Сам Эрик был отвратителен себе на этой фотографии. Во-первых, он стоял зажмурившись. Снимали, естественно, при магниевой вспышке, а он не выносил этих дурацких вспышек и заранее зажмуривал глаза. Во-вторых, его обрядили в какой-то чудовищный костюмчик, на котором сверкали медные пуговицы, и, в-третьих, на лбу у него красовалась картонная девятиконечная, оклеенная золотой фольгой звезда. И вообще, он выглядел жалким, сморщенным, чуть ли не золотушным.

Что возьмешь с фотографии? В ней столько же правды, сколько и лжи. Не сознательной лжи — искажения. Потому что мгновение, вырванное из жизни, может все исказить до неузнаваемости.

Он заново листал альбом, теперь уже для того только, чтобы еще раз встретиться с Анитой, но пока ее не было. Было совсем другое.

Вот он с отцом и мамой возле магазина Лейбовича. Это был большой магазин, один из немногих, где продавались фотоаппараты.

Сам Лейбович походил на кастильского разбойника. Высокий, сухой, с сухим блеском глаз, он толковал о достоинствах «Кодака» неубедительно, но экстатично — казалось, сейчас выхватит пистолет и направит на покупателя: «Кодак» или жизнь?

Отец и впрямь сначала купил у него «Кодак». Потом, доплатив, поменял на «Балдину», хотя «лейка» превосходила ее по всем статьям. Эта «Балдина» досталась в наследство Эрику, и в сорок первом, уже при немцах, он выменял ее на велосипед. Велосипед недавно украли.

Эрик не очень жалел о нем. Это был тяжелый «эренпрейс». Прокрутишь километров сорок, особенно если против ветра, и дрожат поджилки.

Обо всем этом он подумал, отрешенно глядя на ту же самую фотографию.

Мать была в долгополом, слегка расклешенном книзу пальто, в берете из черной соломки, в белом шарфике, пеной вскипавшем на шее, в тупоносых туфельках с перемычками на подъеме.

Карточка была формата шесть на девять. Трудно разглядеть детали. Но Эрику виделась мамина улыбка, может, и наигранная, но что-то обещавшая.
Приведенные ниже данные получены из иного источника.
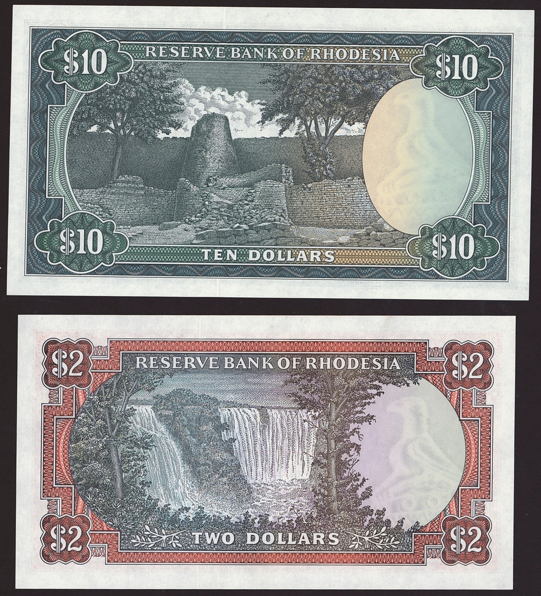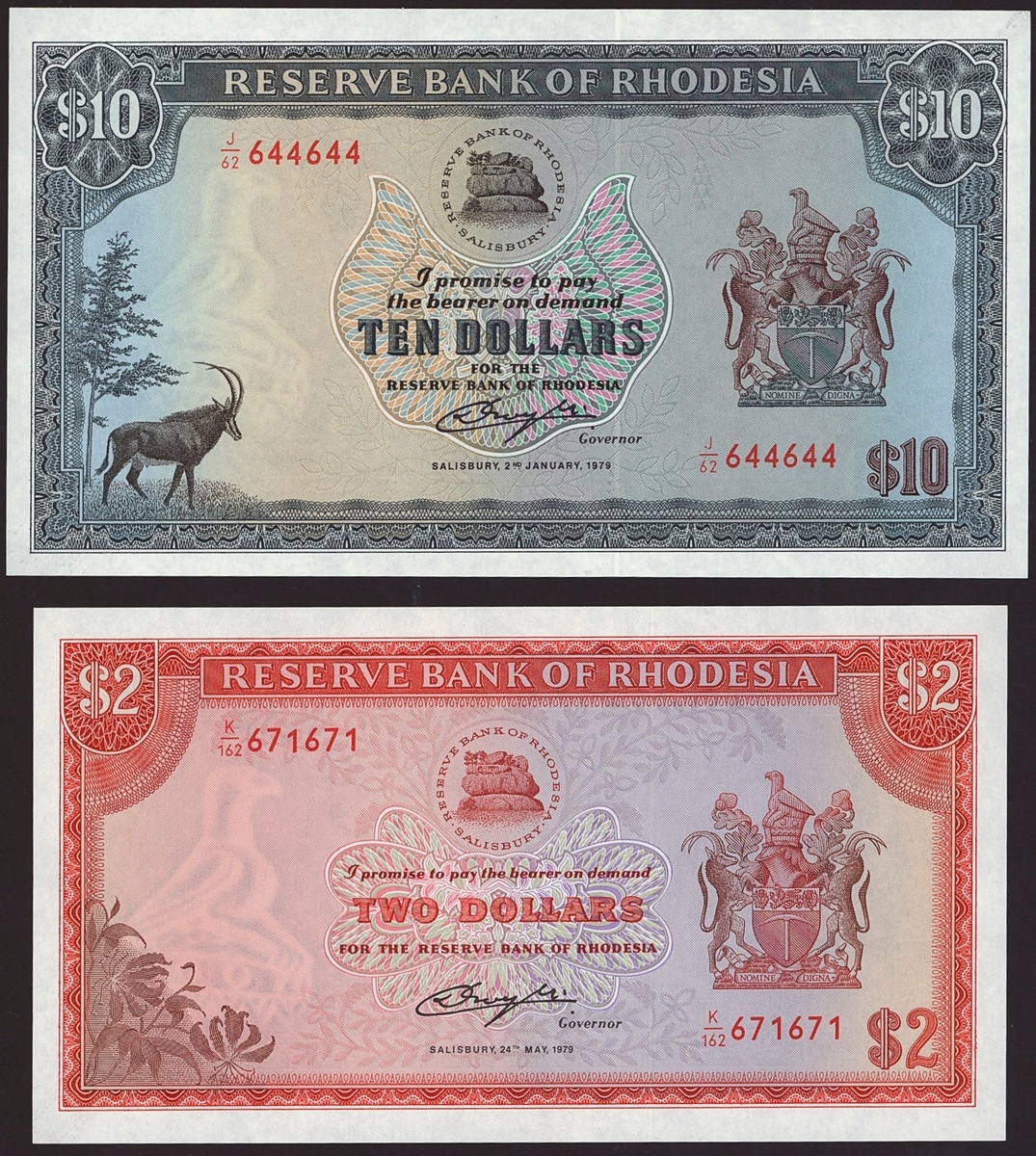 Reserve Bank of Rhodesia, $10, 2 January 1979, repeater serial number J/62 644644, also a $2 1979, repeater serial number K/162 671671,

Отец казался одетым более модно. Белое шелковое кашне, серая, мягкого фетра шляпа с большими полями, с широкой шелковой лентой.
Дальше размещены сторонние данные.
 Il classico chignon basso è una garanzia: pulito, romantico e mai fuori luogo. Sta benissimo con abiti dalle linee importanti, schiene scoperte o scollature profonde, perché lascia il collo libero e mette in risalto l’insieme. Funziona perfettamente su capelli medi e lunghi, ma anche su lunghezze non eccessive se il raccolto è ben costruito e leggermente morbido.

У всех на лацканах пальто — белые бумажные ромашки. Ходили по воскресеньям добровольцы, главным образом, девушки. Ходили парами: у одной — жестяная кружка с узким горлышком, для пожертвований, у другой — картонный щит с десятками бумажных ромашек, насаженных на булавки, как мотыльки. Бросаешь в кружку медяк, и тебе прикалывают белую ромашку. Сбор шел на Красный Крест, в пользу туберкулезных больных — таких, которые не могли лечиться за собственный счет в частных клиниках Межапарка и Приедайне.

А вот они вместе с Хуго. Хуго острижен, как новобранец, ростом чуть ниже Эрика. Крутолоб, узкоглаз, безбров. На Эрике все висит как на вешалке. Брюки гольф похожи на юбку. Глаза и губы — девчоночьи. Правая рука, с тонюсенькими пальцами — на плече у Хуго. У обоих — накрахмаленные отложные воротнички.
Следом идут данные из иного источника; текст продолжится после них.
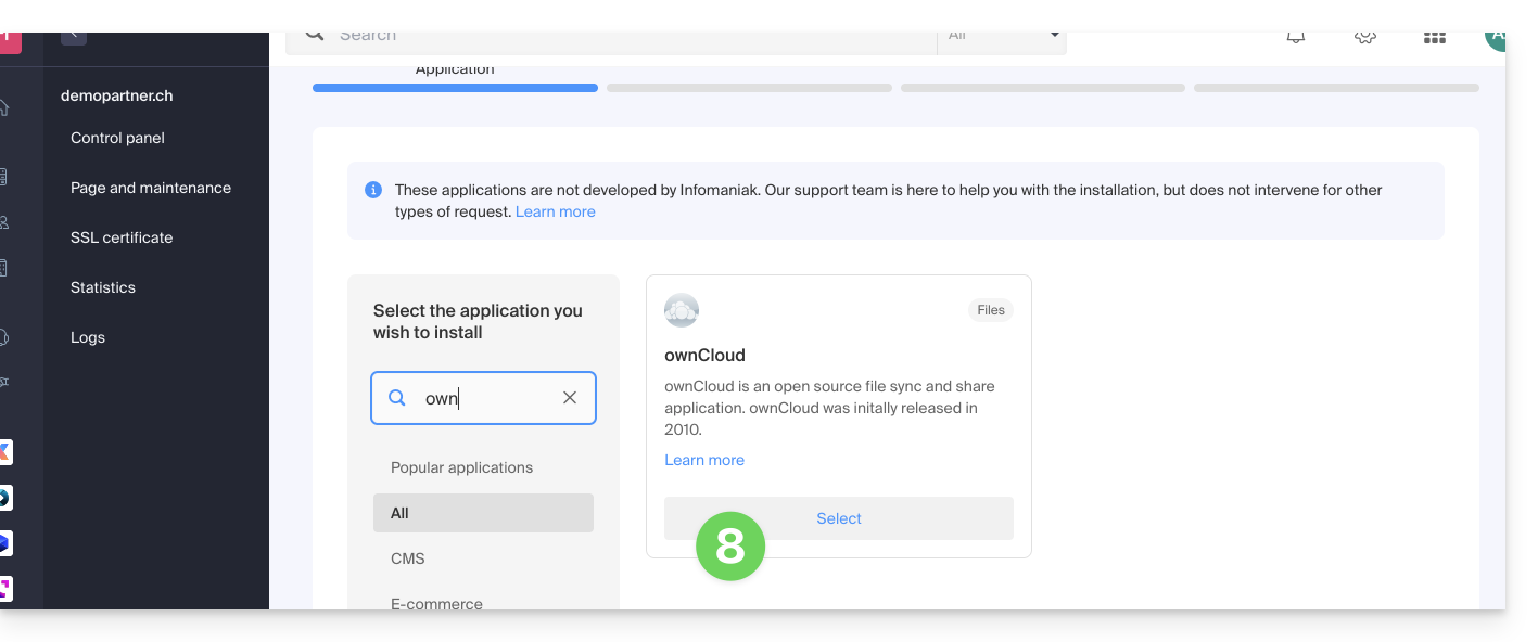 - Unlike other hosts, Infomaniak allows the use of ownCloud on its hosting:

Это, конечно, до смерти матери. Потом никто не стал бы водить их к фотографу.

Нет, снимки ничего не могли объяснить. Мать неизменно улыбалась, отец неизменно был каменным, бабка выделялась только странным, вздернутым над ухом беретом, а сам он выглядел недоразвитым, узколобым и запуганным.

Жизнь нельзя было сфотографировать. Ни «Кодаком», ни «лейкой», ни «Балдиной».

Он уже не искал фотографий Аниты. Они ему ничем не помогли бы. Что-то порвалось между прошлым и настоящим. В прошлом не было сегодняшних проблем, а сегодняшнему дню не было никакого дела до проблем прошлого.

Эрик снова спрятал альбом, надел пальто, небрежно замотал шею шарфом и вышел на улицу.

Был седьмой час вечера. Правую сторону улицы еще освещало солнце, и Эрик шел щурясь, немного закинув голову, шел очень медленно, пошаркивая, потому что отцовские туфли все еще были велики ему. Шел и ни о чем не думал. Впрочем, ни о чем не думать нельзя. Но мысли текли ленивые, малозначащие, успокоительные. Вот здесь, за забором, было до войны маленькое, третьеразрядное кино. Фильмы там тоже шли третьеразрядные; зал кишел блохами. В сорок первом немецкий снаряд буквально разнес эту киношку. Туда ей и дорога.

В далекое довоенное время Эрик ходил, главным образом, на «культурфильмы», то есть фильмы познавательные. В них показывали африканских туземцев, атоллы южных морей, озеро Титикаку или национальные парки Америки. Еще были фильмы с Патом и Паташоном и совсем другие — с прелестной девочкой Ширли Темпл.

Но самое большое впечатление на него произвел «Капитан Блад». Фильм шел в «Этне», и они отправились на него всей семьей. «Роман лучше» — вот и все, что сказал отец, когда они вышли из кино. Мать поначалу стала спорить с ним, горячо и неубедительно, потом махнула рукой: какое ей дело до капитана Блада, просто иногда приятно посмотреть на мужчин, которые умели и любили драться.

Эрик почти не прислушивался к их разговору. Для него это был настоящий фильм, как настоящей книгой был «Последний из могикан» Фенимора Купера. Потом он прочел и роман Саббатини, но впечатление от фильма было сильней.

На углу Ключевой, пропуская трамвай, он остановил рассеянный взгляд на ярко накрашенной девушке, которая тоже, в упор, взглянула на него, но тут же отвела глаза.

Потом они разошлись в разные стороны, но теперь на душе у Эрика стало уже неспокойно, хуже того — больно.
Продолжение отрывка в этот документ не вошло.